Java 7 collection type 1th article-Java collection __java

Reprint please indicate the source: http://blog.csdn.net/mazhimazh/article/details/17730517

1, on the set of the two-side questions

Let's take a look at a few questions:

1. Create an immutable set:

      public static void Main (string[] args) {
		set<string> Set = new hashset<string> ();
		Set.add ("Java");
		Set.add ("JEE");
		Set.add ("Spring");
		Set.add ("Hibernate");
		Set = Collections.unmodifiableset (set);
		Set.add ("Ajax"); Not allowed.
	}

As you can see, creating an immutable set is primarily a call to the collections Unmodifiableset () method, while the collections class implements the encapsulation of a generic collection through an ornamental pattern.

2, remove the duplicate elements in the list collection, and keep the original order

public static void Main (String args[]) {
        list<string> list=new ArrayList ();
        List.add ("A");
        List.add ("B");
        List.add ("C");
        List.add ("A");
        The list allows elements to repeat for
        (int i=0;i<list.size (); i++) 
               System.out.print ("" +list.get (i));/a B C a
        // Removes duplicate elements and retains the order of the original elements
        list list2=new testd (). function (list);
        for (int i=0;i<list2.size (); i++) 
               System.out.print ("" +list2.get (i));/A B C 
        
} public
<e> List <e> function (list<e> list) {return
         new arraylist<e> (New linkedhashset<e> (list));
}

The code above removes duplicate elements by passing the original list into a linkedhashset. In this case, the Linkedhashset can keep the original order of the elements. If this order is not needed, then the linkedhashset can be replaced with HashSet.

2, set frame class diagram and set contrast

In fact, the two topics are not difficult, just do not understand the collection of deeper. Here is a rough look at the collection. The inherited classes of the collection are shown below.

such as the set can be summed up into three categories, namely list, set and map. At the same time, there are some auxiliary tool classes, such as collections, arrays and other convenient collection operation, the comparison of each set as shown below.

In fact, for the operation of the collection, there is no external

Increase: Adds an element to a collection, inserts all elements from a collection into the current collection delete: Deletes the specified element, deletes all element modifications in the collection: Modifies a specified element lookup: Check the size of the current collection, find the common elements in two sets, and so on Other: Converts an element in a collection to an array representation, determining whether a collection is empty, and so on
3, Iterable, iterator, collection interface

As can be seen from the Java Collection Framework diagram, all classes inherit the Iterable interface directly or indirectly, the source code is as follows:

Package Java.lang;
Import Java.util.Iterator;

/**
 * Implementing this interface allows the target of
 * "foreach" statement.
 * * Public
interface Iterable<t> {
    iterator<t> iterator ();//Returns an iterator that iterates over an element of a group of T types

The Iterable interface is under the Java.lang package, which defines an instance method for obtaining iterator.

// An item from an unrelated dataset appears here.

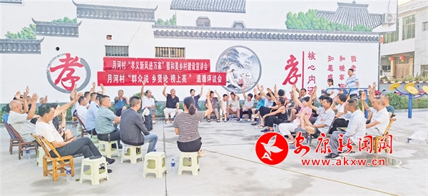 在今年的每一次道德評(píng)議會(huì)上,月河村干部和鄉(xiāng)賢能人都積極宣講村莊發(fā)展規(guī)劃以及孝善行為的重要性,宣講團(tuán)成員詳細(xì)解讀孝義文化,帶動(dòng)村民踴躍參與“五美庭院”創(chuàng)建。在此過程中,“說論亮”道德評(píng)議制度有效運(yùn)行;“群眾說”讓大家暢所欲言,把村里的大小事擺到臺(tái)面;“鄉(xiāng)賢論”借助鄉(xiāng)賢的智慧與威望分析問題、化解矛盾;“榜上亮”則讓好與壞一目了然,便于群眾監(jiān)督。特別是,為激勵(lì)村民見賢思齊,學(xué)典型、爭(zhēng)先進(jìn)、樹文明,月河村利用孝義文化長(zhǎng)廊、宣傳欄、道德講堂等載體,把評(píng)選出來的道德典型事跡“上榜、上墻”,形成示范引領(lǐng)效應(yīng),讓良好道德品質(zhì)看得見、摸得著,進(jìn)一步激發(fā)村民的主人翁意識(shí),讓移風(fēng)易俗的觀念深入人心。

The source code for the iterator class is as follows:

Public interface Iterator<e> {
    boolean hasnext ();  Contains the next element
    E next ();           Gets the next element of the collection,
    void Remove ();      Removes the current element from the collection
}

The iterator pattern is the standard access method used to traverse collection classes. It can abstract the access logic from different types of collection classes, thereby avoiding exposing the internal structure of the collection to the client. For example, if you are not using iterator, the way to traverse an array is to use an index:

for (int i=0; i< collection size; i++) {
	//Omit operation code
}

You must use a while loop when accessing a list (LinkedList):

while ((E=e.next ())!=null) { 
	//omit operation code

The above two methods of traversal must know in advance the internal storage structure of the collection, access code and the collection itself is tightly coupled, can not separate access logic from the collection class, each set corresponds to a traversal method, client code can not be reused. And if you later need to replace ArrayList with LinkedList, the original client code must be overridden. To solve these problems, the iterator pattern always iterates through the collection with the same logic:

for (Iterator it = C.iterater (); It.hasnext ();) { 
	// ... 

The ingenious thing about the design is that the client itself does not maintain "pointers" to traverse the collection, all internal states (such as the current element position and whether there is the next element) are maintained by iterator, and this iterator is generated by the collection class through the factory method, so it knows how to traverse the entire collection. It is worth reminding that this factory approach is the iterator () method we mentioned earlier, because all classes inherit the Iterable interface, so his implementation class must implement the iterator () method.

If you want to access the collection later, you can indirectly traverse the entire collection by controlling iterator, sending it forward, backward, and taking the current element command.

Examples are as follows:

public class Testset {public
	static void Main (String args[]) {
		//hashset<string> ct = new hashset<> ( );
		Set<string> ct=new hashset<> ();
		List<string> ct=new arraylist<> ();
		List<string> ct=new linkedlist<> ();
		
		Ct.add ("abc");
		Ct.add ("def");
		
		for (iterator<string> Myitr = Ct.iterator (); Myitr.hasnext ();) {
			System.out.println ());

		Iterator<string> iter = Ct.iterator ();
		while (Iter.hasnext ()) {
			System.out.println (Iter.next ());
		}

		for (String str:ct) {
			System.out.println (str);}}}

Using 3 methods to traverse the collection, the output results are consistent, as follows:

Abc
Def
Abc
Def
Abc
Def

The iterator specific types returned by each collection class may be different, the array may return Arrayiterator,set may return Setiterator,tree may return treeiterator, but they all implement the iterator interface, so , the client doesn't care what kind of iterator it is, it just needs to get the iterator interface, which is the benefit of the object-oriented.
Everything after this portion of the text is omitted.